**GIVEN DATA:**

- - -

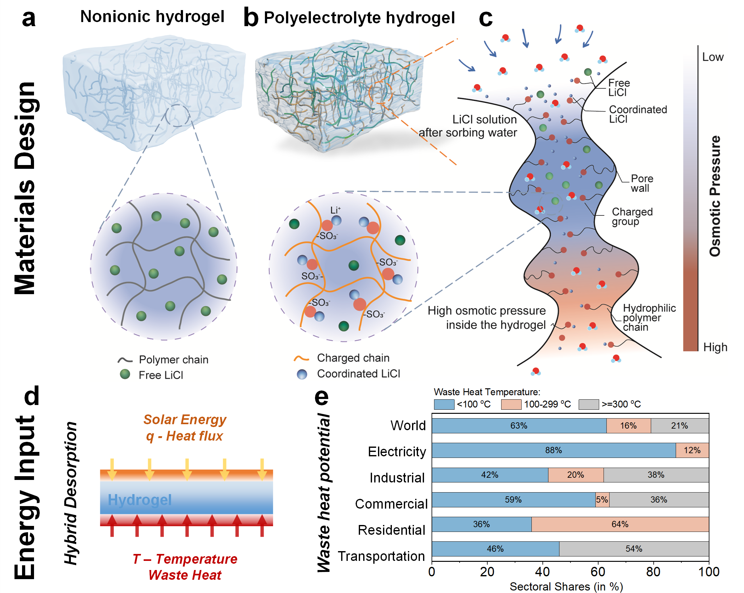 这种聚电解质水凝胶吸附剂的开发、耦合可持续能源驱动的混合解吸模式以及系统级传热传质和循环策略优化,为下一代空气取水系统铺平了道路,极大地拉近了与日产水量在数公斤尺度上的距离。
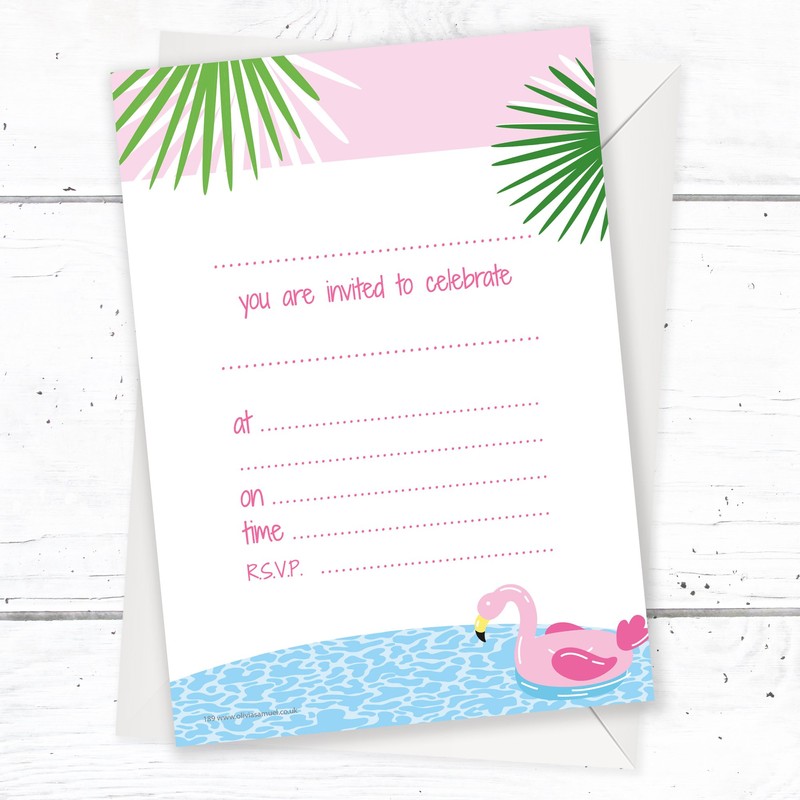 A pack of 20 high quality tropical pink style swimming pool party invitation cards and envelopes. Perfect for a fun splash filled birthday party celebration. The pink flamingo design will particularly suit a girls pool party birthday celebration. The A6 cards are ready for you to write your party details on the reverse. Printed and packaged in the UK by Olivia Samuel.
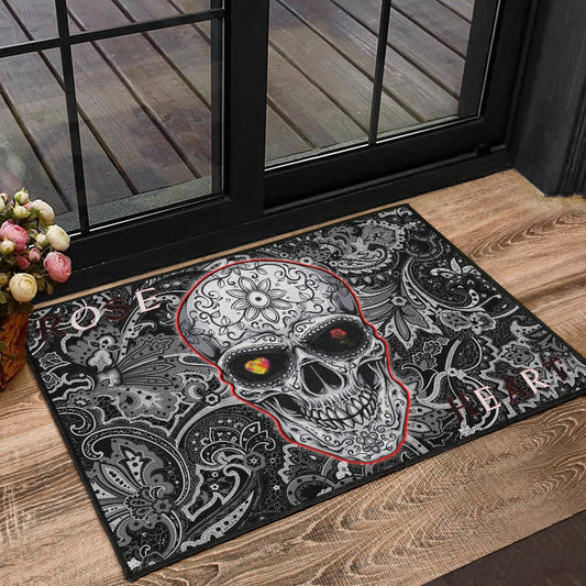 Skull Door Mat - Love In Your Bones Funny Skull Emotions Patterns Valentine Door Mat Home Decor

- - -

Please copy out the whole listing exactly as it stands, minus the pictures.

 这种聚电解质水凝胶吸附剂的开发、耦合可持续能源驱动的混合解吸模式以及系统级传热传质和循环策略优化,为下一代空气取水系统铺平了道路,极大地拉近了与日产水量在数公斤尺度上的距离。
 A pack of 20 high quality tropical pink style swimming pool party invitation cards and envelopes. Perfect for a fun splash filled birthday party celebration. The pink flamingo design will particularly suit a girls pool party birthday celebration. The A6 cards are ready for you to write your party details on the reverse. Printed and packaged in the UK by Olivia Samuel.
 Skull Door Mat - Love In Your Bones Funny Skull Emotions Patterns Valentine Door Mat Home Decor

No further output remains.